Reminder of Logan Circle

This afternoon in the sauna I was chatting with a friend about pets and commented that the only pet I’ve had in the past sixty years was a parrot in the late 70’s in DC—while I was living in the Four Belles at Logan Circle. Its name was Lorro, which is Spanish for “parrot” and a masculine noun.  However, we called it “she,” though Lorro never laid any eggs…  It’s not always easy to determine the gender of a bird, especially a yellow-headed Amazonian.

Yellow-headed Amazonian (like my parrot Lorro)

Lorro was originally my housemate Charles’ pet, but he had a way of losing interest in his whims and wound up giving me the bird, so to speak. It proved to be very little work being a parrot-master as long as I kept the food coming, and she was pleasant company hanging around on her cage in the parlor in the round bay by our ancient (unplayable) Bechstein piano.  Lorro had a penchant for talking to herself.

According to Charles, she was raised in a simple Mexican family, which made sense because Lorro had a whole routine of a crying baby and a concerned mother trying to calm it with a lullaby (in Spanish). In addition, she’d sing snatches of Mexican revolutionary songs apparently learned from the radio.  Over time the lyrics got a bit garbled.
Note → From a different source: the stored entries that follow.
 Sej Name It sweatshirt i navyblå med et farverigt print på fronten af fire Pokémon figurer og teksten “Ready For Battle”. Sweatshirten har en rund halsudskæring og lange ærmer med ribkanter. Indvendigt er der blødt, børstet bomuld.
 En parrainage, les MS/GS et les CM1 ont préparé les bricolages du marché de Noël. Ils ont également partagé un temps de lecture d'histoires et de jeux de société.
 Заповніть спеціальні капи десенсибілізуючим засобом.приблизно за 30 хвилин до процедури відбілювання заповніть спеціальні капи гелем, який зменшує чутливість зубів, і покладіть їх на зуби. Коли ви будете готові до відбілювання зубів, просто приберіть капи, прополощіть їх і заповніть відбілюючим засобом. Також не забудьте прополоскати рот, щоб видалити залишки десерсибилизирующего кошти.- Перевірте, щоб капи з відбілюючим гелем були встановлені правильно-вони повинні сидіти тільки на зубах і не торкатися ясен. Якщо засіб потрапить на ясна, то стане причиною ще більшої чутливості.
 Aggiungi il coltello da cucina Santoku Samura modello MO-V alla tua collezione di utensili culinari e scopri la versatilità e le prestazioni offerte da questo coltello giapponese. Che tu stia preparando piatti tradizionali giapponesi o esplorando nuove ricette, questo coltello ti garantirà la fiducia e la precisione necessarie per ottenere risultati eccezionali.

I guess my voice was too low for Lorro to care for, but she quickly learned to laugh (giggle) just like me. It was weird to be in the dining room and hear myself burst into peals of laughter in the parlor.  She also had an unnerving talent for mimicking the veritable symphony of sirens one heard every night there in our epicenter of the slum, now epicenter of chic.  She was right on key doing the sirens of the police, fire-engines, and ambulances, and with my laughter mixed in, it sounded rather mad.

Unfortunately, Lorro was a bit developmentally disabled. For some reason she never grew true flight feathers in her wings, and what tried to grow, she assiduously pulled out.  Vets said there was nothing we could do…  That’s why she just hung around on her cage, singing, laughing, and blaring her sirens.  Sometimes I’d take her out riding on my bicycle:  As we rolled down the avenue, she’d sit on the basket and flap her stubby wings, shrieking at the top of her lungs.
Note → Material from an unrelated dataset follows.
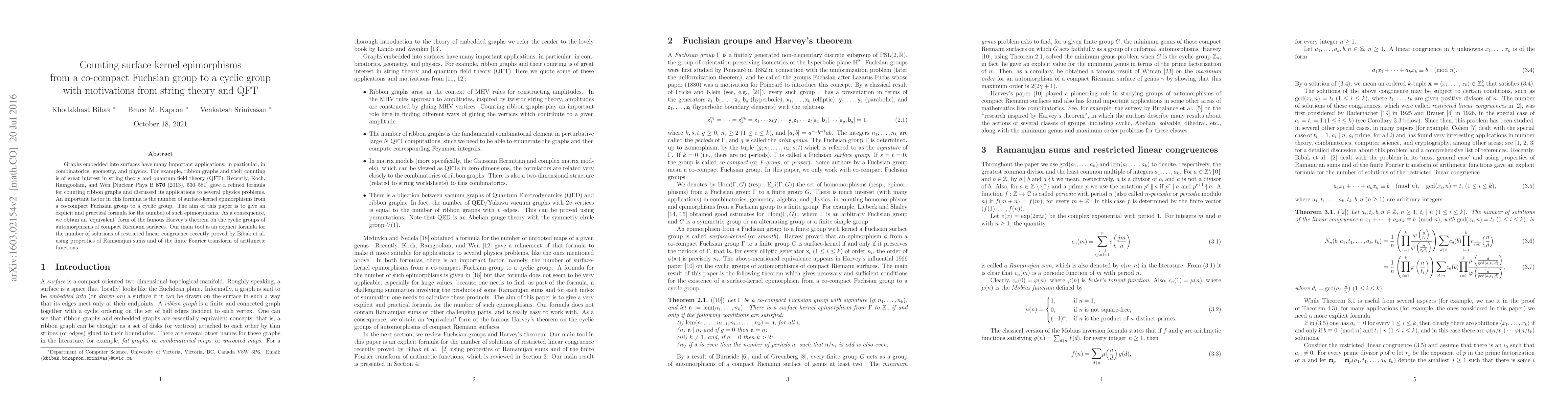 Graphs embedded into surfaces have many important applications, in particular, in combinatorics, geometry, and physics. For example, ribbon graphs and their counting is of great interest in string theory and quantum field theory (QFT). Recently, Koch, Ramgoolam, and Wen [Nuclear Phys.\,B {\bf 870} (2013), 530--581] gave a refined formula for counting ribbon graphs and discussed its applications to several physics problems. An important factor in this formula is the number of surface-kernel epimorphisms from a co-compact Fuchsian group to a cyclic group. The aim of this paper is to give an explicit and practical formula for the number of such epimorphisms. As a consequence, we obtain an `equivalent' form of the famous Harvey's theorem on the cyclic groups of automorphisms of compact Riemann surfaces. Our main tool is an explicit formula for the number of solutions of restricted linear congruence recently proved by Bibak et al. using properties of Ramanujan sums and of the finite Fourier transform of arithmetic functions.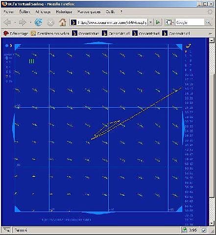 Pour ma part, départ facile : cap au 336° pour "suivre" le vent et passer au nord de la bulle.

I think it was the fall of 1979 when Charles went on an extended trip round the ruins of Guatemala. While he was away, I got up one morning to find Lorro lying on the parlor floor as dead as a doornail.  Assuming she’d had a heart attack or some such, I mourned and tried to figure out what to do with her corpse till Charles’ return from the jungles (which, by the way, played a large role in his manic “nervous breakdown” that winter).
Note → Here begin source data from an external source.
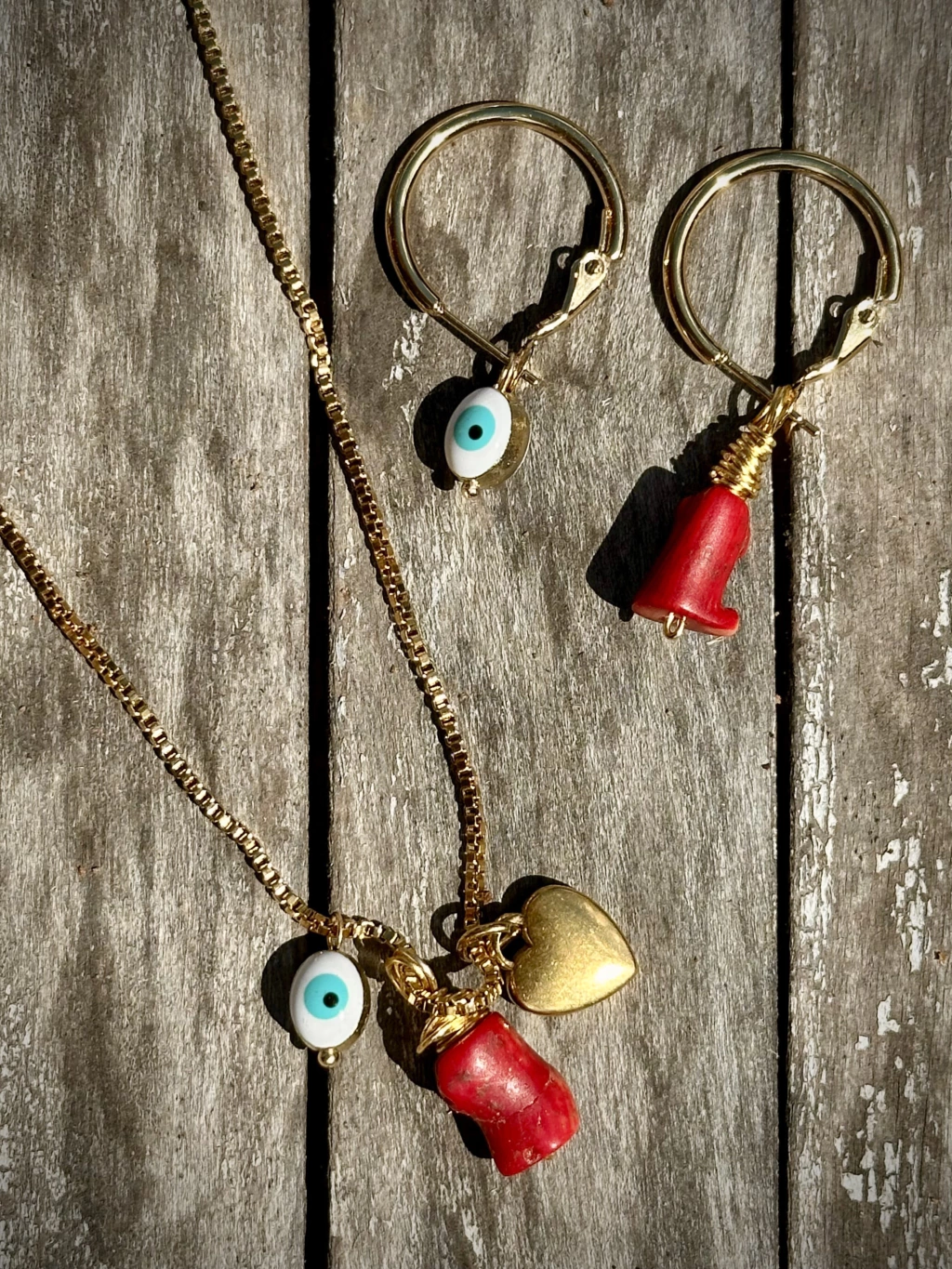 Cadena de acero dorada con 3 dijes (ojo, corazon dorado y pidra roja irregular)
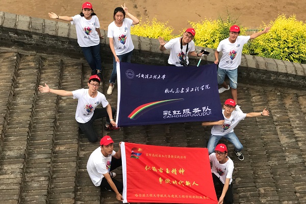 航建学院彩虹志愿服务队成立于2005年9月,隶属于哈尔滨工程大学航天与建筑工程学院团委,志愿活动内容主要包括社区、敬老院服务、大中专学生“三下乡”、爱心支教、校内外大型活动、社会服务等,共开展活动500余次,参与人次达9000余人次,累计时长达25500余小时。服务队与五家单位共建大学生社会实践基地,积极面向社会开展志愿服务活动。服务队连续多年获团中央、团省委表彰,多次获校级“优秀志愿者服务集体”等荣誉称号。在2018年全国大中专学生志愿者暑期三下乡社会实践“千校千项”成果遴选中,服务队开展的“学习右玉精神,关爱留守儿童”项目获得“最具影响好项目”;在2018“天翼·互联网+教育”进乡村暑期社会实践中,服务队所写调研报告获评为“优秀报告”。服务所开展志愿服务活动曾多次被人民网、中青网、学校共青团官网、黑龙江省学联等媒体报道。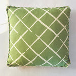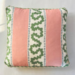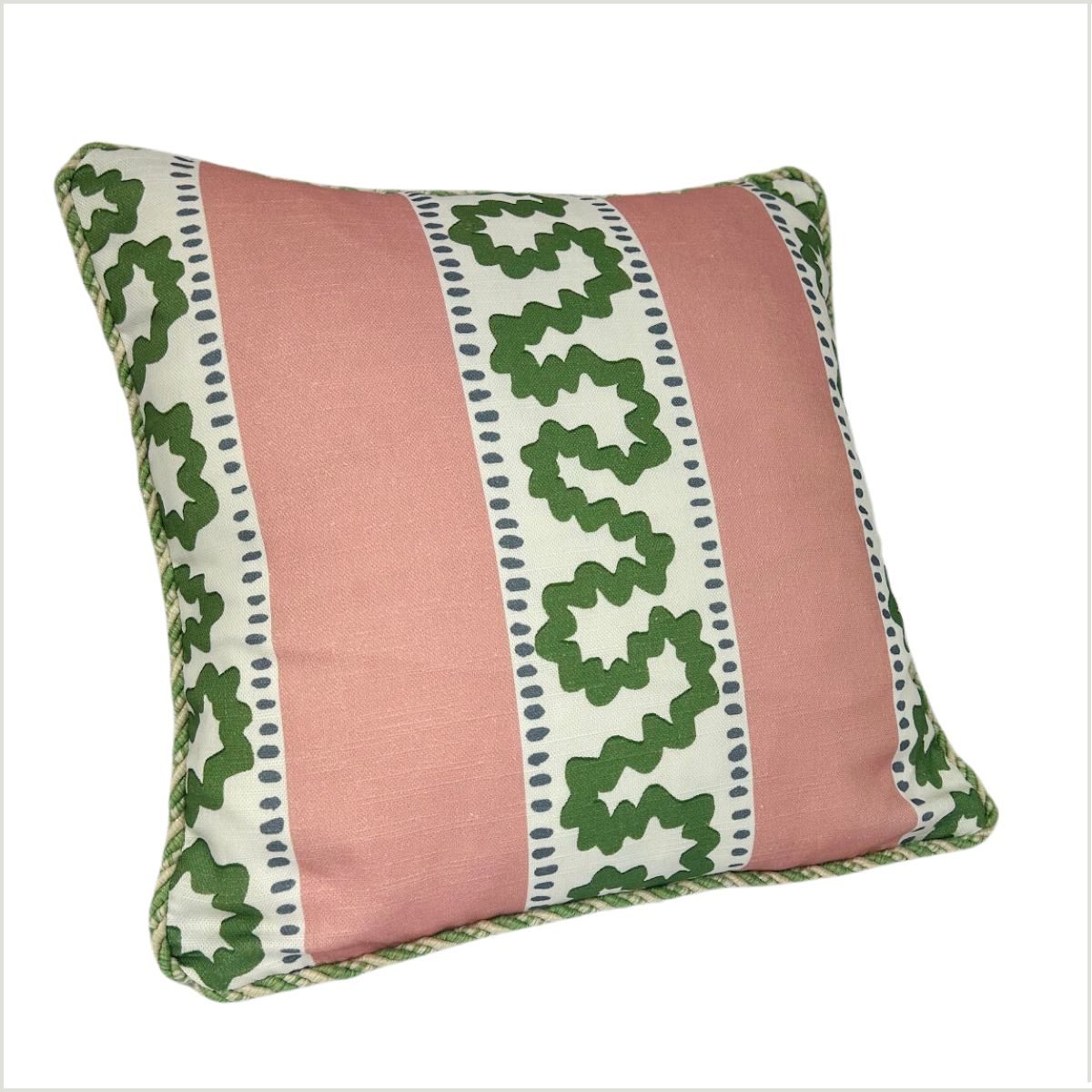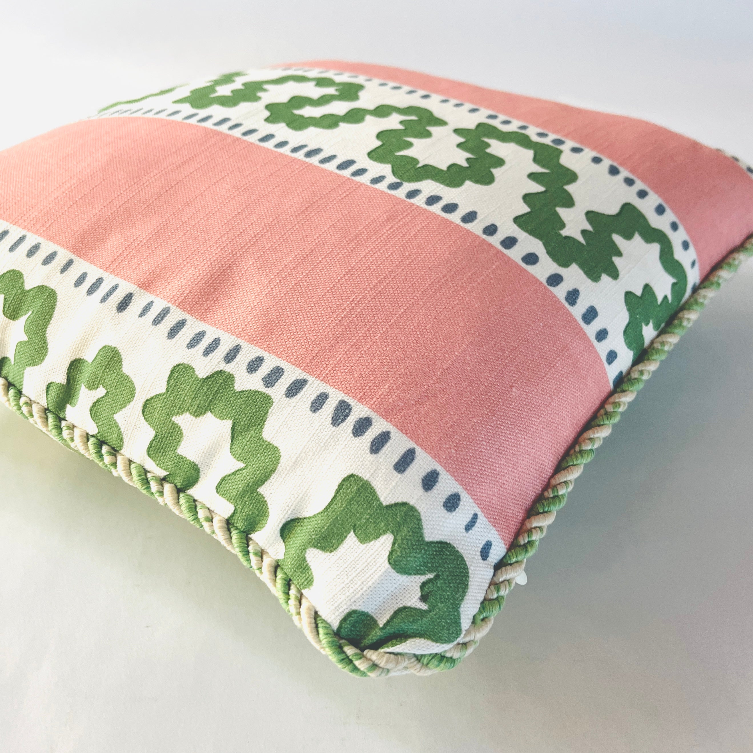 Our best-selling Harbor Trail in Bahama Pink fabric serves as the perfect foil to the classic good looks of our Bahama Court in Palm Green trellis on this stunning, attention-grabbing pillow. Layer-in Knot’s Landing performance ¼” cord with flange trim in Barbados Green, and it’s wow, wow, wow. Features a hidden zipper.

The solution I came up with was to wrap her gently in plastic wrap and put her in the freezer. To be thorough, I also put the book on parrot care in there with her.  When Charles got back, he didn’t want to deal with funerals and anyway quickly proceeded to lose his mind.  Over the next year we wound up having to sell the Four Belles, and the new owners inherited a frozen parrot and book on parrot care.  I often wonder what they thought when they opened that freezer.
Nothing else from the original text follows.